There were scenes of confusion around Libya’s parliament building in Tripoli on Sunday as it was stormed by heavily armed gunmen claimed to be forces loyal to the country’s former army chief Khalifa Haftar.

Smoke rose from the parliament, which witnesses said had been shelled causing lawmakers to flee.

Renegade ex-general Haftar has vowed to rid Libya of Islamist militants and the Tripoli attack comes three days after men under his command launched a major air-and-ground attack against hardline Islamists in the eastern city of Benghazi.

Libya’s Health Ministry said 70 people had been killed in the Benghazi fighting and 141 people were injured.

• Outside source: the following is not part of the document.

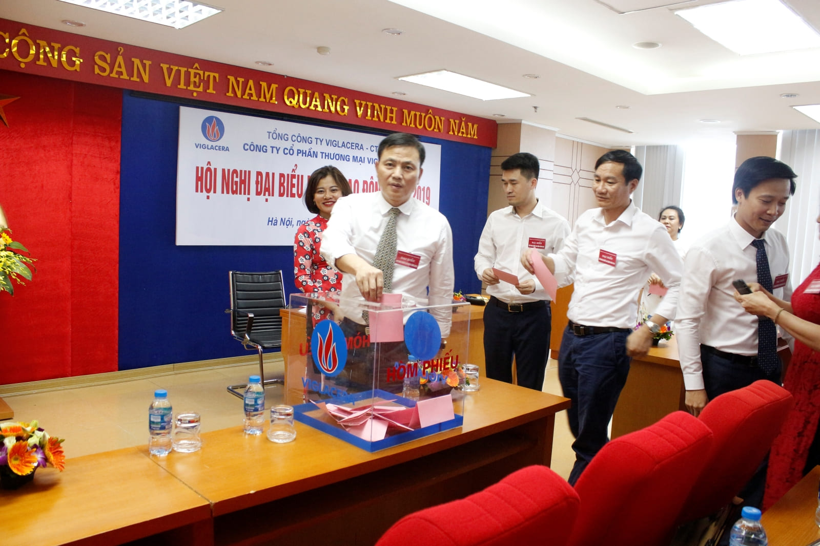 Sau hơn 2 tiếng làm việc nghiêm túc, Đại hội đồng cổ đông thường niên 2019 Công ty Cổ phần Thương mại Viglacera đã thành công tốt đẹp, đề ra các chỉ tiêu, giải pháp thực hiện một cách cụ thể, rõ ràng là cơ sở để Ban điều hành Công ty triển khai thực hiện.

Haftar said the Benghazi attacks were because Libya’s government had failed to halt violence there and was allowing extremists to exert considerable influence in the country

Benghazi was the cradle of the uprising against Gaddafi, but authorities have struggled to curb violence and stem attacks in the east which have been mostly blamed on Ansar al-Sharia, an Islamist group that Washington labels as a terrorist organisation.

In February Haftar released a video in which he called for a presidential committee to be formed to govern until new elections could be held as a way to end Libya’s political impasse. At that time he denied it was a coup d’etat.

Haftar is a former rebel in the war that deposed dictator Muammar Gaddafi. It is unclear how much support he has in the regular armed forces or among the competing militias in Libya.

Libya’s parliament has been paralysed for months by divisions between Islamist and nationalist parties.

Many Libyans are frustrated at the lack of progress toward democratic transition since the fall of Gaddafi, but In Tripoli people who the Associated Press spoke to also criticised the latest violence.

Local resident Mohamed Ali said: “We do not want any more militias or displays of arms. And Tripoli is considered a civilian city and we do not want anyone coming here and terrorising us, like what happened today.”

Another Tripoli resident, Khalid Yossef, echoed his complaint: “What is happening is a struggle for power, that’s it. And the people are the ones who are suffering and they are the real victims As you can hear there are bullets flying around, and it’s all down to your luck when that happens.”